In the records below, the relevant part opens with the line containing "Version of Hurkle, created" and closes with the line containing "Drinking With The"; print that part exactly and only, without its pictures.
--------------------
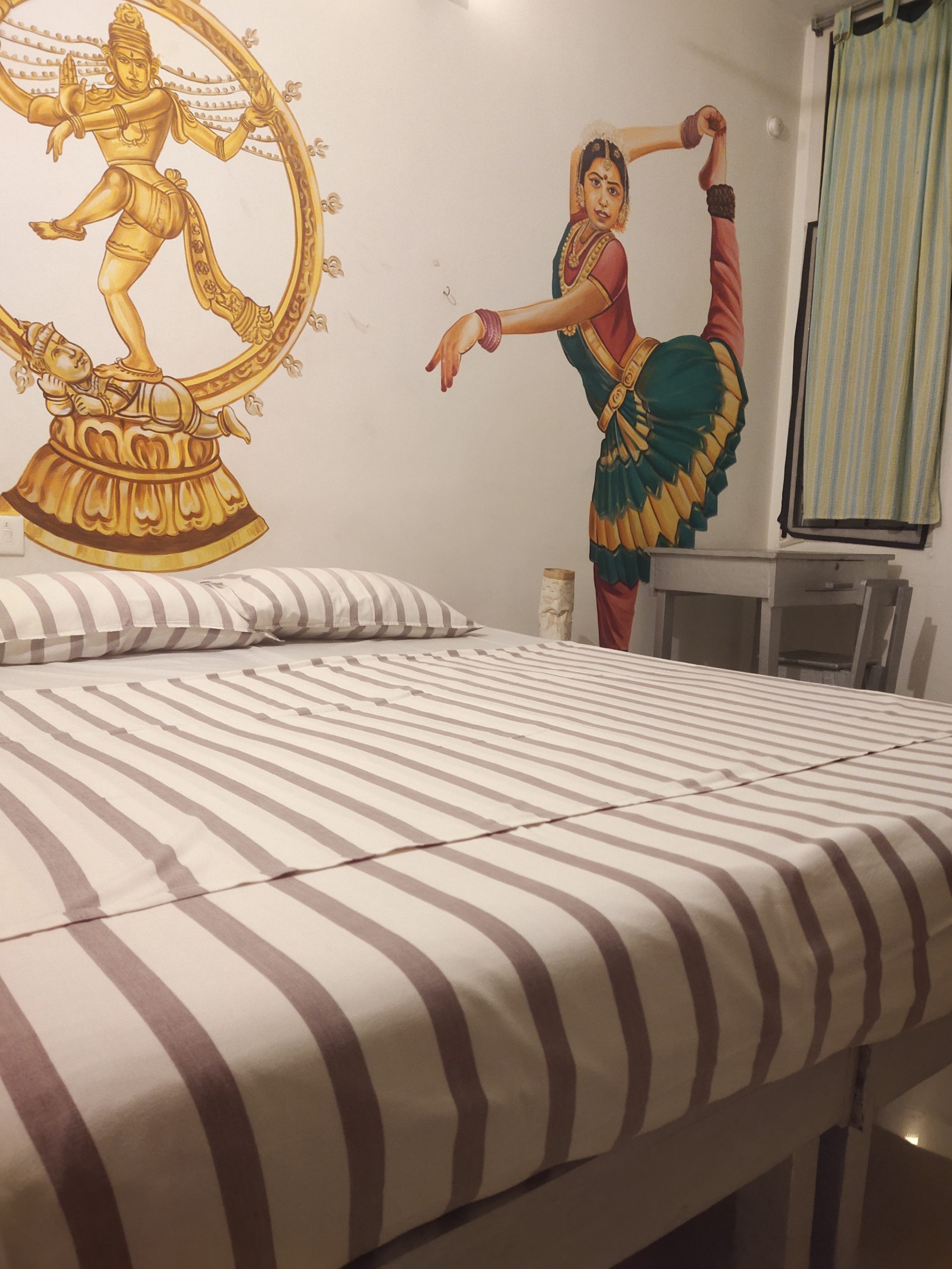 This room is situated on the first floor, conveniently near a charming swinging chair, perfect for relaxation. Adorning the wall is a captivating painting that depicts the traditional Tamil Nadu dance known as Bharatanatyam. The artwork beautifully illustrates a graceful girl dancing in front of Lord Nataraja, a revered deity in Indian culture. Surrounding her are intricate representations of various mudras, the hand gestures that are essential to the Bharatanatyam performance.
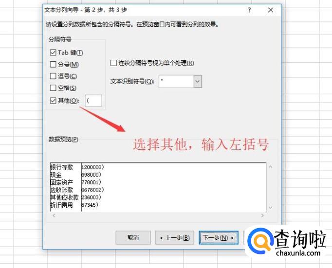 接下来需要选择分隔符号的类型了,我们选择其他,在输入框中输入左括号,如下图所示
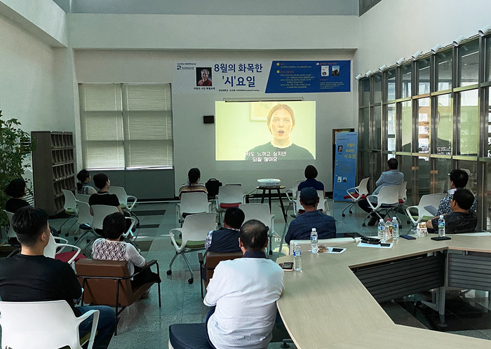 「8월의 화목한 ‘시’요일」은 부산대 도서관이 2019년부터 국립대학육성사업(REN) 지원을 받아 밀양시민을 위해 진행한 ‘사서와 함께하는 Reading & Watching’ 독서문화 프로그램의 일환으로 마련됐다.
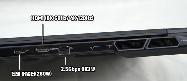 MSI ½ºÅÚ½º 18 HX AI A2XWHG-U9 QHD+ÀÇ I/O Æ÷Æ® ±¸¼ºÀº DP Ãâ·Â°ú PD 3.1 ±Ô°Ý
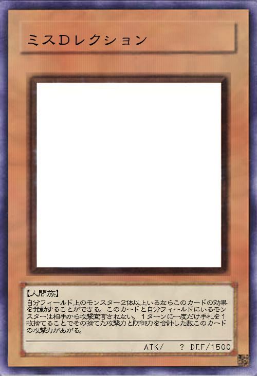| 自分フィールド上のモンスター2体以上いるならこのカードの効果を発動することができる。このカードと自分フィールドにいるモンスターは相手から攻撃宣言されない。1ターンに一度だけ手札を1枚捨てることでその捨てた攻撃力と防御力を合計した数このカードの攻撃力があがる。 | |||
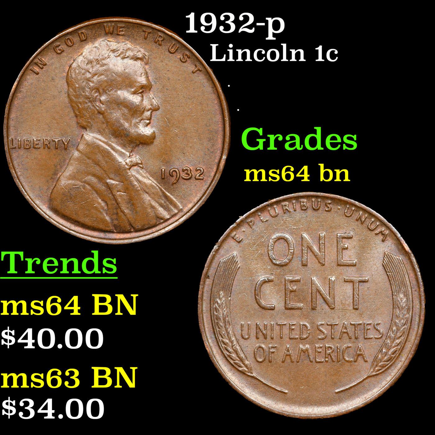 1932-p Lincoln Cent 1c Grades Choice Unc BN.
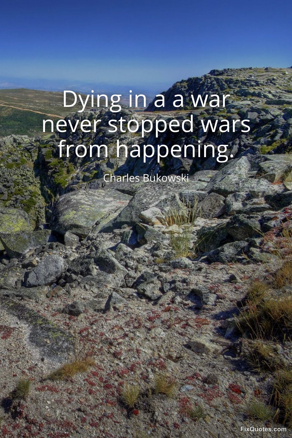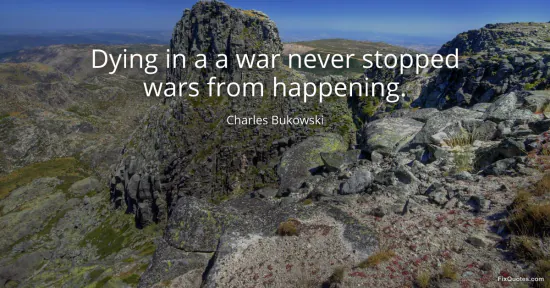 Bukowski, Charles. (2026, February 10). Dying in a a war never stopped wars from happening. FixQuotes. https://fixquotes.com/quotes/dying-in-a-a-war-never-stopped-wars-from-happening-185215/
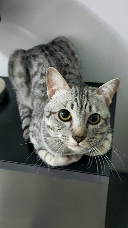 รอยตำหนิ: ลายสลิด สีขาวดำ ใส่ปลอกคอสีดำขี้กลัว
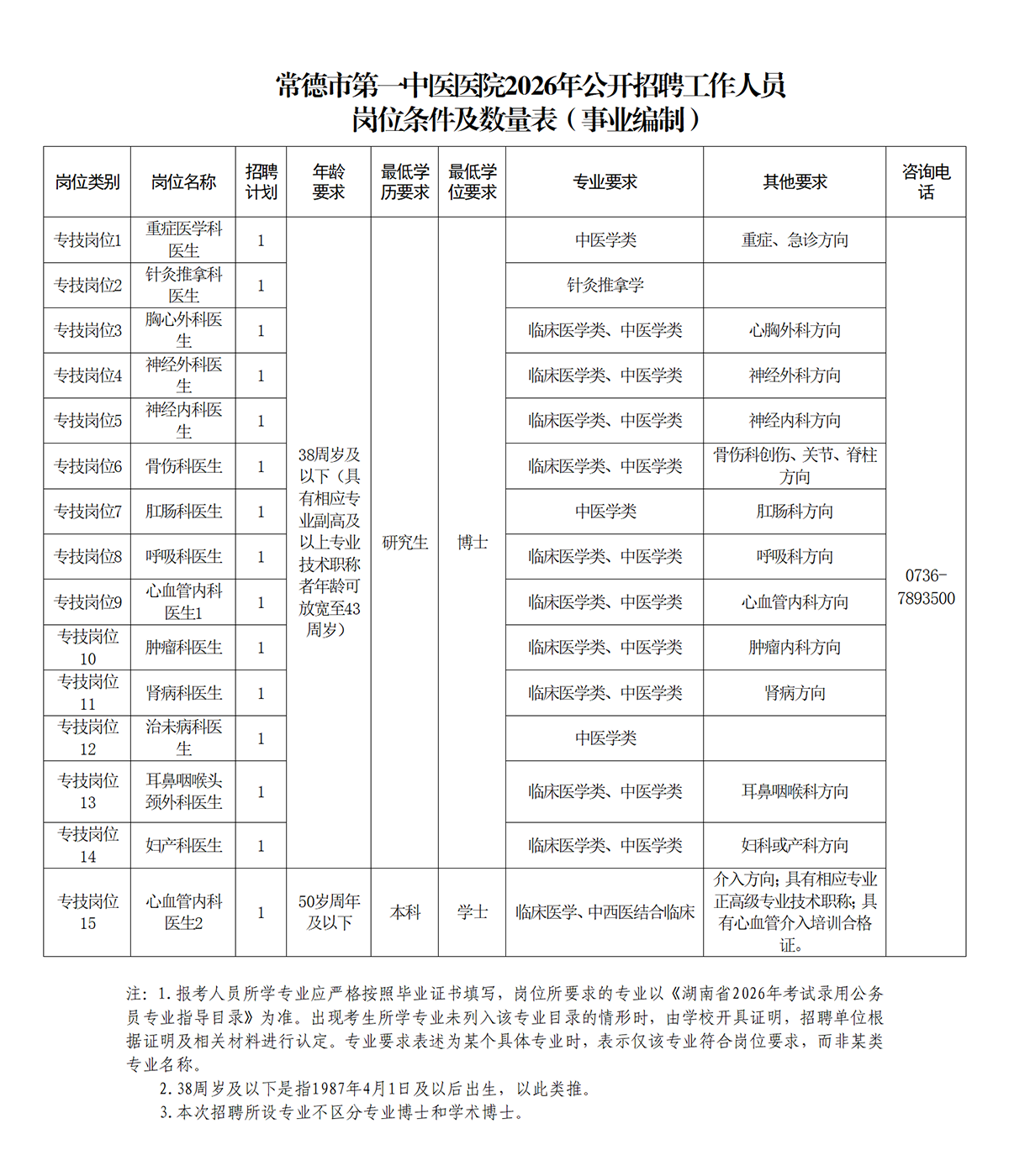 附件1:常德市第一中医医院2026年公开招聘工作人员岗位条件及数量表(事业编制)
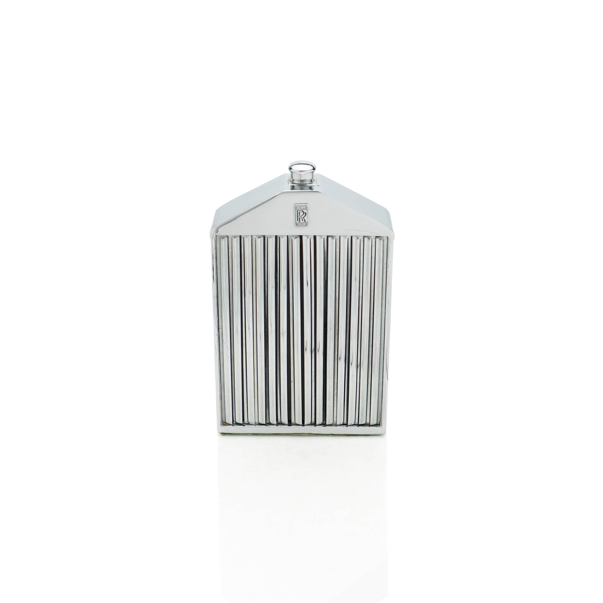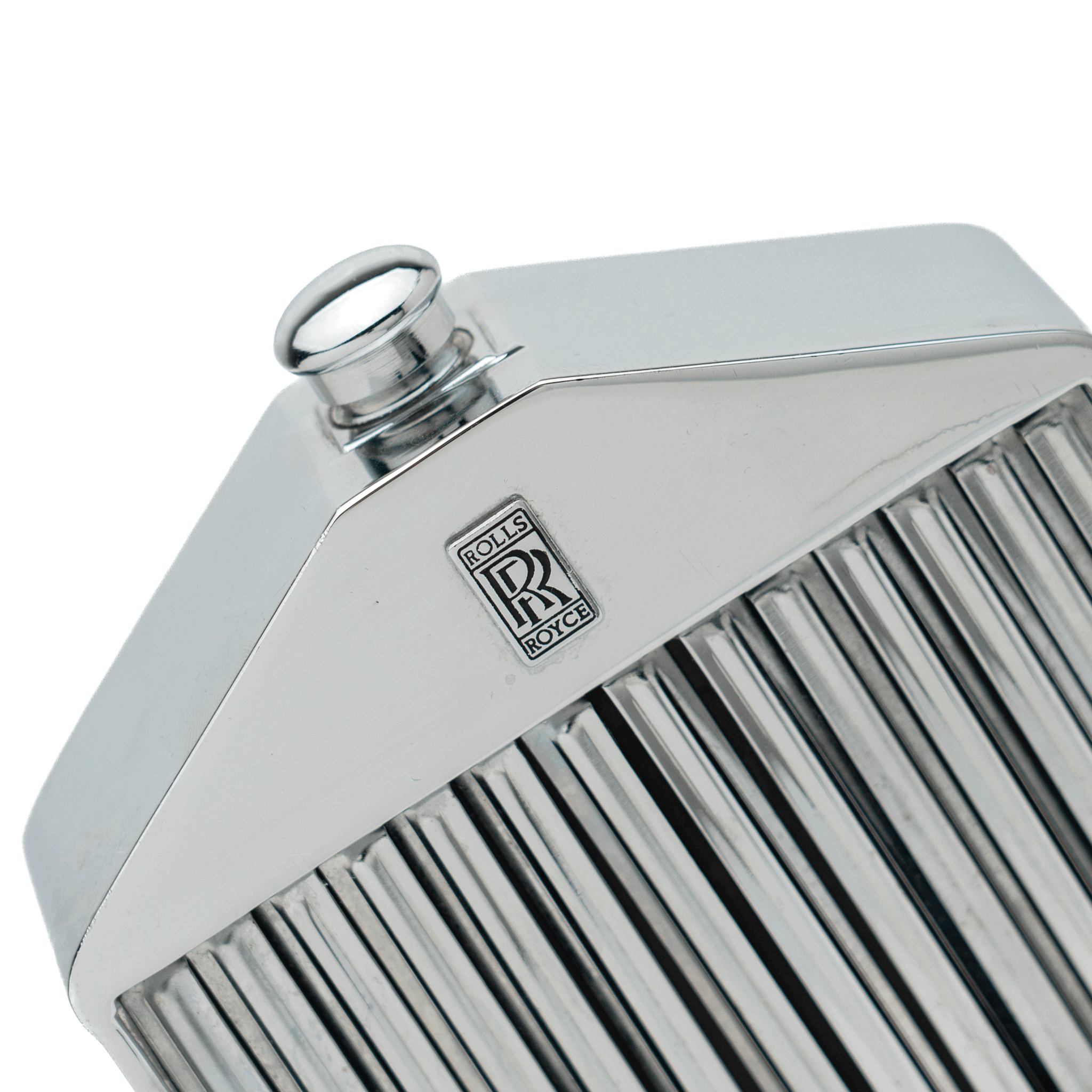A fine and rare Rolls-Royce flask in the form of their iconic car grill. Made in England as part of a series of rare car flasks, this is one of the seldom-seen examples. One needs only to unscrew the radiator cap to access the flask, and a thin exposed line on the backside of the flask allows one to see how much is remaining.
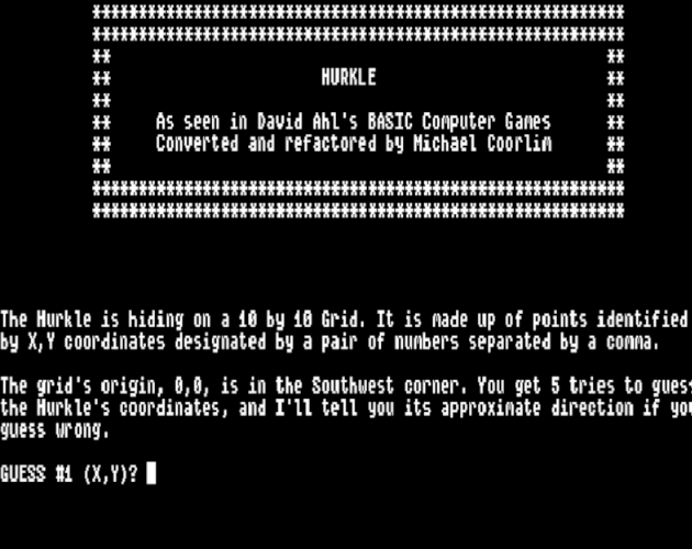 Version of Hurkle, created by Bob Albrecht of the People's Computer Company and adapted and refactored from a type-in listing in David Ahl's 1973 book "BASIC Computer Games".
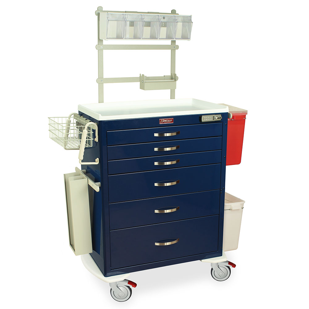 This M-Series cart for anesthesiology is designed and built to meet the requirements of today’s healthcare market. Ergonomic side handles, comfort drawer pulls, expanded lock options and a standard plastic top makes things easier for your staff and supports your infection control initiatives. M-Series carts offer you choices. The MDS3030E06+MD30-ANS3 replaces M-Series model MDS3030E06-ANS3 and Classic model 7456E.
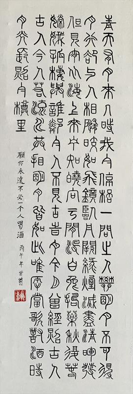 Drinking With The Moon 38x16, Ink on Xuan Paper,  $3000 by: Gail Threinen Entry ID: 584986
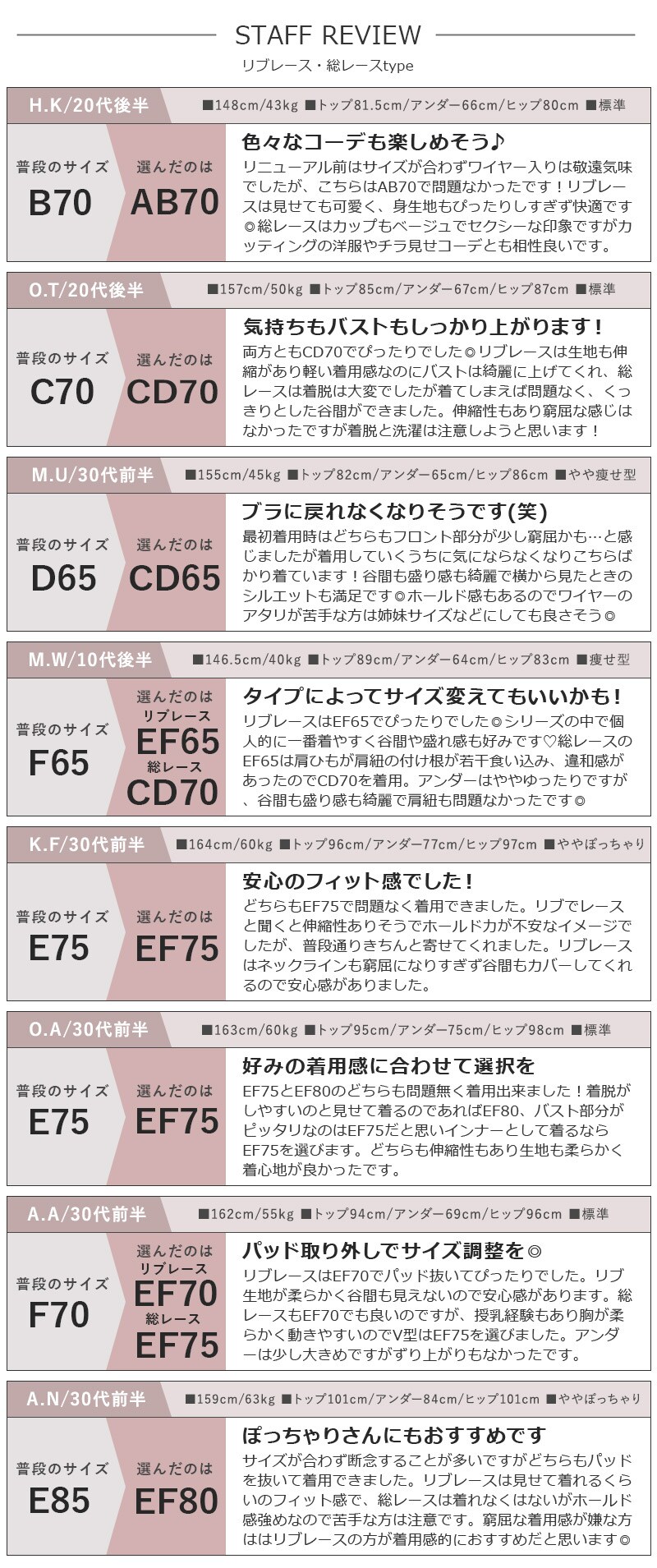 | 【AB65】A65/B65 【AB70】A70/B70 【AB75】A75/B75 【AB80】A80/B80 【CD65】C65/D65 【CD70】C70/D70 【CD75】C75/D75 【CD80】C80/D80 【EF65】E65/F65 【EF70】E70/F70 【EF75】E75/F75 【EF80】E80/F80 ※サイズは目安となります。 実際の着用感には個人差がございますので、 予めご了承いただけますようお願い申し上げます。 |
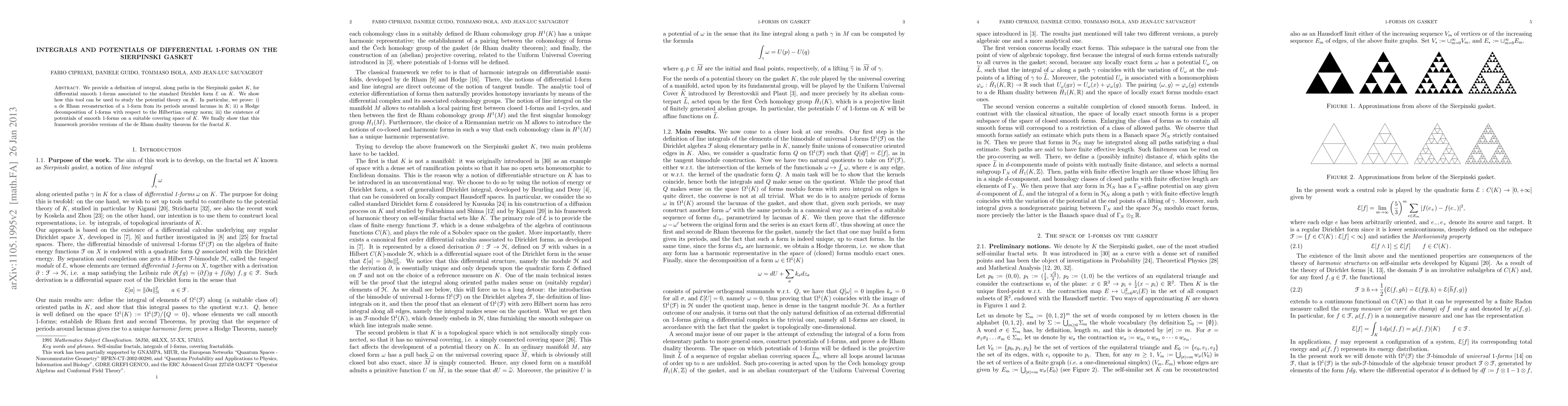 We provide a definition of integral, along paths in the Sierpinski gasket K, for differential smooth 1-forms associated to the standard Dirichlet form K. We show how this tool can be used to study the potential theory on K. In particular, we prove: i) a de Rham reconstruction of a 1-form from its periods around lacunas in K; ii) a Hodge decomposition of 1-forms with respect to the Hilbertian energy norm; iii) the existence of potentials of smooth 1-forms on a suitable covering space of K. We finally show that this framework provides versions of the de Rham duality theorem for the fractal K.
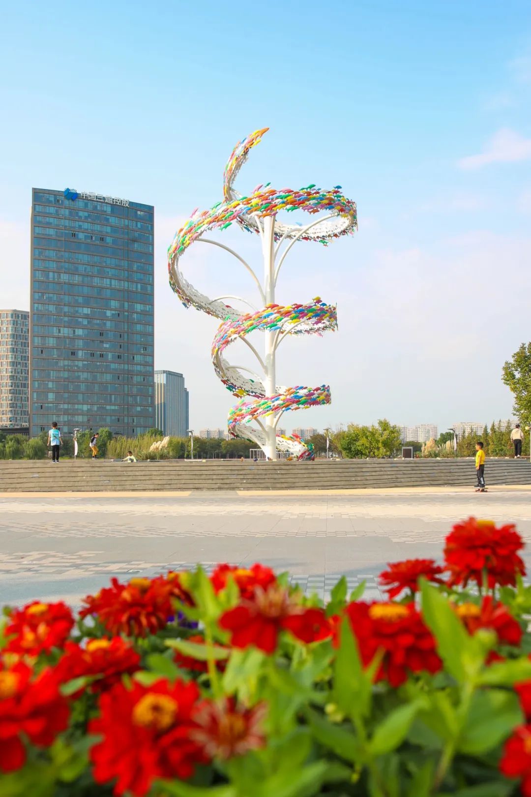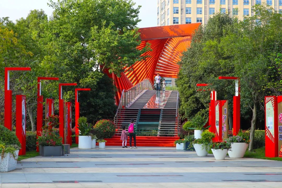 向着五龙湖南岸广场走去,十多米高的龙鱼雕塑尤为显眼。位于五龙湖西面的,则是一座有着艳红色彩、独特造型的舞龙桥,标志性的景观吸引了市民前来拍照打卡。
--------------------
Result of the task:
 Version of Hurkle, created by Bob Albrecht of the People's Computer Company and adapted and refactored from a type-in listing in David Ahl's 1973 book "BASIC Computer Games".
 This M-Series cart for anesthesiology is designed and built to meet the requirements of today’s healthcare market. Ergonomic side handles, comfort drawer pulls, expanded lock options and a standard plastic top makes things easier for your staff and supports your infection control initiatives. M-Series carts offer you choices. The MDS3030E06+MD30-ANS3 replaces M-Series model MDS3030E06-ANS3 and Classic model 7456E.
 Drinking With The Moon 38x16, Ink on Xuan Paper,  $3000 by: Gail Threinen Entry ID: 584986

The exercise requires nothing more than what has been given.